At this time, DePIN, a concept that once seemed fringe, has the opportunity to change from a “narrative” to a “tool”: using tokenized incentives to coordinate the construction and financing of computing power, connectivity, and energy infrastructure, especially in places where traditional power grid coverage is insufficient and financial models are difficult to operate, but new infrastructure is indeed needed in the era of AI and data.
Crypto will either truly take a place in the capital stack of these new infrastructures, or it will realize that most of the “RWA story” that has been hotly discussed in the past two years is still stuck in PPT.
If you see this, then share another easter egg:
Can “ownership” as the foundation of web3 philosophy solve the social problems that AI will soon aggravate?
Underneath the above three main lines, there is also a more severe macro background.
In many countries, a generation of “new middle class” is seeing their actual purchasing power diluted year by year; at the same time, the productivity revolution brought by AI is hollowing out entry-level jobs that were originally “tickets” in many industries, resulting in unprecedented high youth unemployment.
In the future, more and more income will be earned online and settled across borders, in an environment where users trust the platform more than they trust local banks and governments.
The return on capital will compound at an accelerated rate; the return on labor will find it difficult to keep up.

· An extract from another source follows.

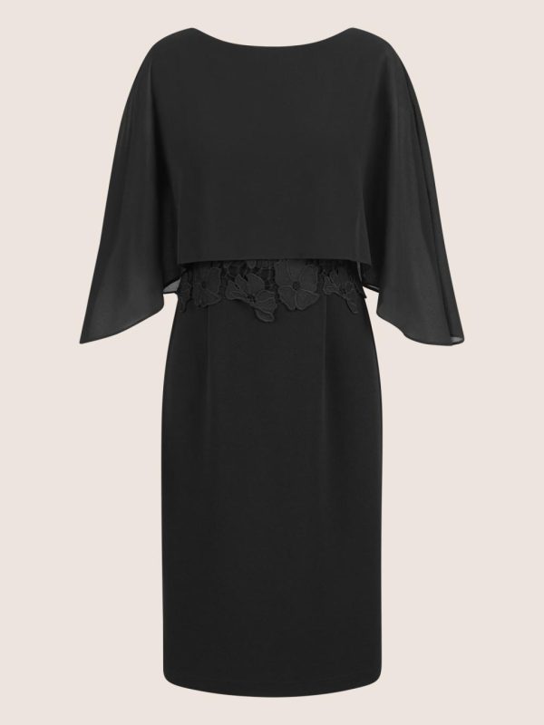 APART Fashion Kleid Mit Chiffoncape In Lagenoptik Mit Spitzenborte Schwarz | DAMEN KLEIDER

In such a world, encryption gradually ceases to be just a narrative and becomes a hedge against upcoming socioeconomic pressures.
What flows on the same track are not only stablecoins, various tokens and income products, but alsoA small slice of the new capital stock: networks, infrastructure, cash flow that is not locked up by a single country or a single employer, and purchasing power that is no longer eroded by over-issuance of currency and hyper-inflation.
Crypto is becoming the underlying infrastructure of this new capital formation system—andWhether young people and the squeezed middle class can obtain enough ownership slices will largely determine whether they will use this system to climb out of the AI-induced poverty trap, or whether they will be firmly locked in it.
The last part is a bit heavy, but it is indeed a realistic challenge worth pondering.